Они подошли к дому Сторрса. Там, как показал позднее Рутенберг, Сторрс начал разговор с того, что заявил: "Мне известно, что вы доставили в Иерусалим несколько дней назад оружие".
Жаботинский: "Это так".
Сторрс: "Мой долг вас арестовать".
Рутенберг: "Мы в вашем распоряжении".
Сторрс спросил, где найти их людей и оружие.
"Мы задали ему вопрос, — продолжает Рутенберг, — собирается ли правительство использовать людей для защиты еврейской общины. Если да, то мы скажем ему, где находятся люди и оружие, и подчинимся приказам; но власти должны нас вооружить, потому что в нашем распоряжении оружия мало. Если администрация не даст нам оружия, у нас нет в данных обстоятельствах морального права информировать власти о местонахождении людей и оружия". По словам Сторрса, только генерал Больс может
решить этот вопрос. Он попросил Жаботинского и Рутенберга вернуться в 4 часа дня.
Остаток дня прошел спокойно: английские войска появились и в Новом, и в Старом городе. Но Жаботинский не стал повторять воскресную ошибку и ослаблять готовность к обороне. Более того, поскольку власти позволяли въезд в Старый город хадассовским машинам "скорой помощи", бойцы Хаганы, соответствующе облаченные в белое, въехали в Старый город с ними. Им удалось организовать оборону не только в Еврейском квартале, но и кое-где для жителей смешанных районов.
Было провезено несколько ружей, и в Еврейском квартале организовались группы ортодоксальных молодых людей и было установлено расписание дежурств.
Сторрс установил комендантский час с 6 вечера до 6 утра. Ночь прошла тихо. Но на следующий день у военного губернатора были иные планы. В 4 часа, за два часа до комендантского часа, он созвал совещание в губернаторском отделе со старшими офицерами — "обсудить положение и разработать планы на ночь". Присутствовали, помимо помощника Сторрса полковника Брамли, начальник полиции Ноуз и комендант иерусалимского гарнизона полковник Бедде с командирами подразделений.
Согласно показаниям одного из них, подполковника Г.М. Берроуза, состоялось длинное подробное обсуждение, а затем Сторрс выступил с ошеломляющим предложением: части, введенные им в город только после многих часов разгула, следует вновь вывести рано утром. Причина: "Их присутствие может испугать арабских крестьян, прибывающих с товарами для торговли"[716].
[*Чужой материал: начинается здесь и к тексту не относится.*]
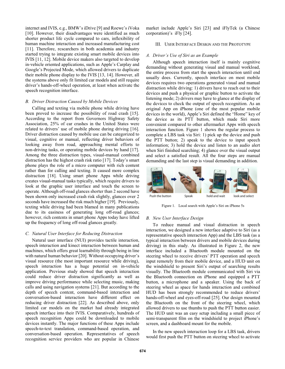 语音识别作为一种新兴的交互技术,在驾驶[2]时提供了对车内设备的免提操作。语音识别界面(如苹果的Siri)无疑是一种合适的交互方式;然而,大多数移动设备上的相关应用都没有将驾驶环境融入到交互设计中。通常情况下,语音识别应用程序的目标是导航或LBS要求司机按下一个按钮-to-talk (PTT)来激活收听模式,然后通过视觉或音频输出显示搜索结果。驱动程序需要一直持有设备,直到搜索任务或输入任务完成。在这方面,语音识别只是一种新的信息输入方式,而不是一种新的交互方式。为了满足消费者的技术需求,许多汽车制造商最近开发了带有语音识别的车载信息娱乐系统(IVIS),或致力于将智能手机服务集成到IVIS中。然而,汽车不可能像耐用品那样容易更新。相反,随着强大的cpu和前沿操作系统的发展,移动设备正在迅速发生变化。它为大多数驱动程序提供了更容易的语音识别技术和其他自然接口。因此,寻找一种简单易行的方法来优化驾驶员目前在车内对移动设备的使用,对道路安全具有重要的现实意义。本研究以普通智能手机原有的语音识别功能为基础,设计了一种扩展的车载移动设备语音界面。我们主要对智能手机的输入输出机制进行重新设计,以适应驾驶员驾驶时的动态行为模式。采用蓝牙遥控作为输入媒体,激活移动设备语音识别界面。采用平视显示器(HUD)作为输出媒体,对移动设备进行可视化显示。通过对驾驶模拟器的研究,与传统的智能手机“手持”模式进行比较,验证了新界面的安全性、效率和可用性。
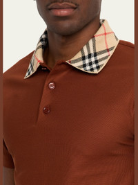 This Burberry polo shirt is crafted from lightweight cotton pique, cut to a slim fit, and knitted with the iconic Check on the collar. Check collar Threebutton placket Vented sides Pullover style Slim fit Cotton Made in Portugal
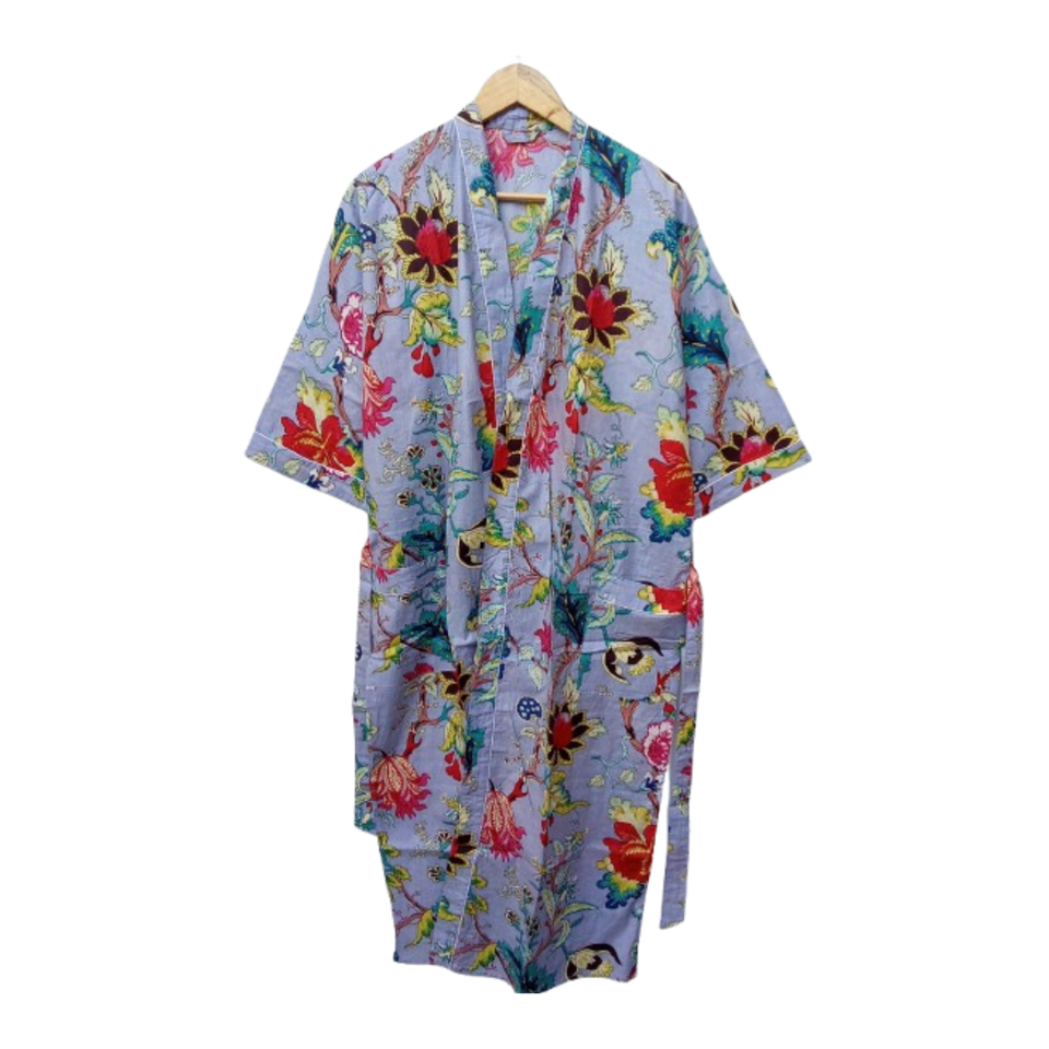 Robe kimono longue en coton gris à motifs floraux, légère, imprimée au bloc, faite à la main, pour la détente et le spa estival
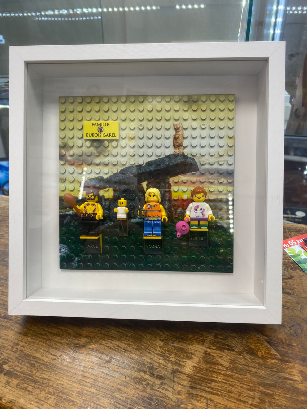 Plaque imprimée pour le fond, minifigures custom sur estrades. Cadres vitrine 20x20 cm. SUR DEVIS
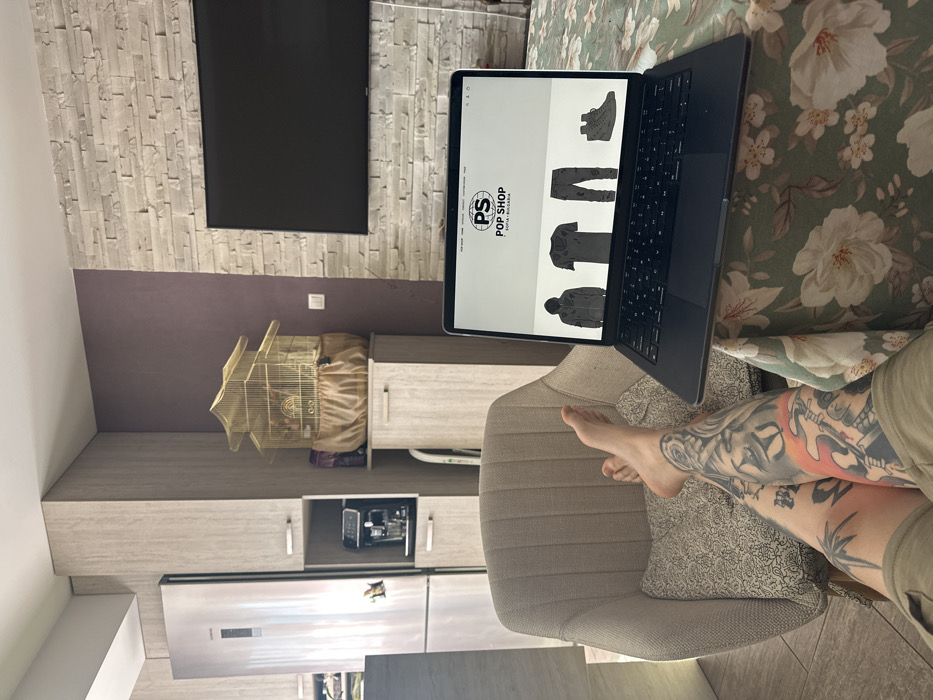 An individual is depicted indoors in a residential setting in Voluyak, Bulgaria, reclining with their bare, extensively tattooed legs elevated. The individual's legs, adorned with various designs including a prominent skull, floral patterns, and a leaf motif, are clad in khaki shorts. A dark grey laptop, appearing to be a MacBook model, rests on a green fabric surface patterned with white flowers, directly in front of the individual's legs. The laptop screen displays a website header featuring "PS POP SHOP SOFIA • BULGARIA" and images of four items for sale: a grey hoodie, a grey t-shirt, grey pants, and grey high-top sneakers. To the immediate left, a portion of a beige upholstered armchair, from which the legs extend, is visible. In the background, on the left, a stainless steel double-door refrigerator is integrated into light wood-toned cabinetry. Adjacent to the refrigerator, a section of the cabinetry reveals an espresso machine. Further right, a golden, pagoda-style birdcage with a light brown fabric bottom cover sits atop another light wood-toned cabinet. A small bird is discernible within the cage. The wall behind these cabinets and the birdcage is painted a solid plum color. To the right, a large, dark-screened television is mounted on an accent wall composed of grey, stacked stone veneer panels. The flooring consists of light-colored tiles.
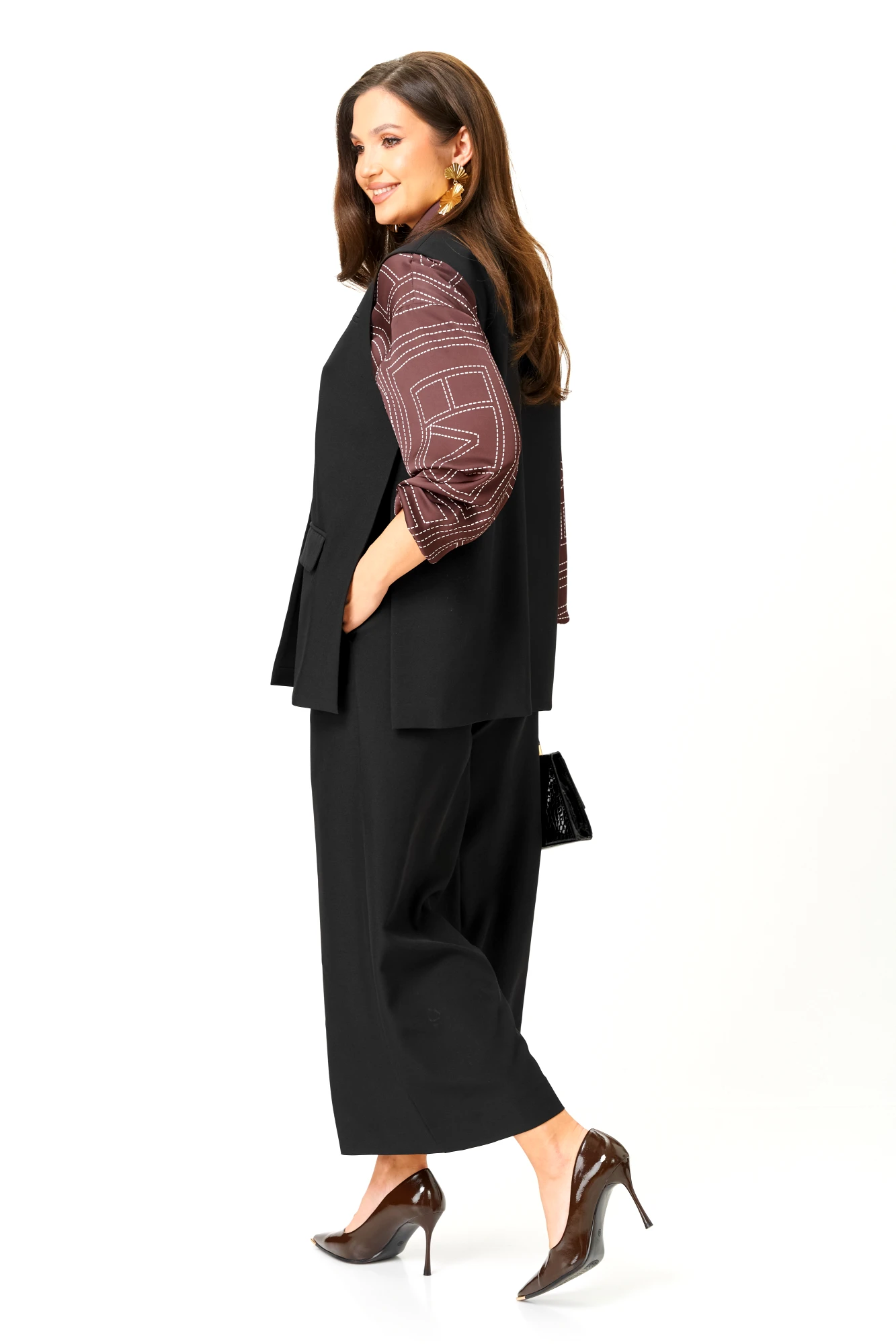 Брючный костюм AMUAR 1096 тройка черный, коричневый
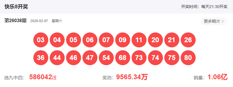 首先我们看下上期开奖结果,快乐8第26038期开奖结果:03 04 05 06 07 09 11 20 21 26 36 44 46 47 54 68 73 74 75 80,和值为:709,大小比11:9,四区8:3:4:5,出了两组两连号,分别是:20+21,46+47, 开出一组三连号:73+74+75,开出一组五连号:03+04+05+06+07, 直连重号出了2个,分别是:06,07,均为两连重号,我们把01-40分为前区,41-80分为后区, 则上期小号居多, 未开出冷号,均为热号和温热号。
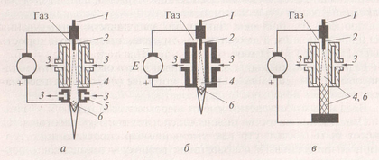 Рис. 4.17. Схемы дуговых плазменных головок:
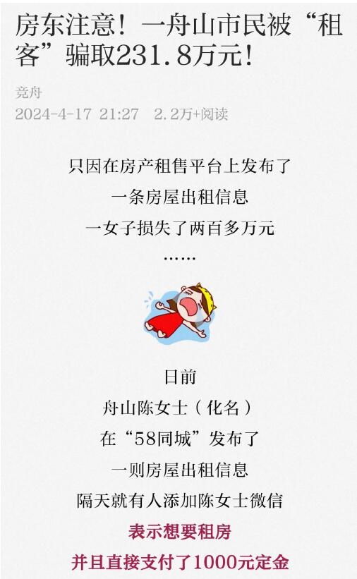 小偷少了、骗子多了,这也应该是“互联网改变世界”的一个方面。而在道高一尺魔高一丈的较量中,各类骗术也在不断花样翻新,一不留神就会有人中招。就如这起骗案,“租客”先以主动支付1000元定金博得陈女士好感,又让陈女士在代管“投资平台账号”中对收益“眼见为实”,然后再“欲取先予”让陈女士尝到诱饵的甜头,就这么一步步引君入瓮直至阴谋得逞销声匿迹。

Впоследствии комиссия по расследованию утверждала, что "перед совещанием и полковник Сторрс, и полковник Бедде были осведомлены о том, что в городе ожидаются новые беспорядки на следующий день"[717]. Как бы то ни было, как подчеркивал позднее подполковник Берроуз, "даже если все идет по плану в первый день после того, как военным отдан приказ о восстановлении в городе порядка, их не следует выводить еще несколько дней, вплоть до недели". Бедде выразил несогласие со Сторрсом, но "уступил настойчиво выраженному пожеланию военного губернатора, чтобы все войска были выведены рано для обеспечения нормальных условий торговли".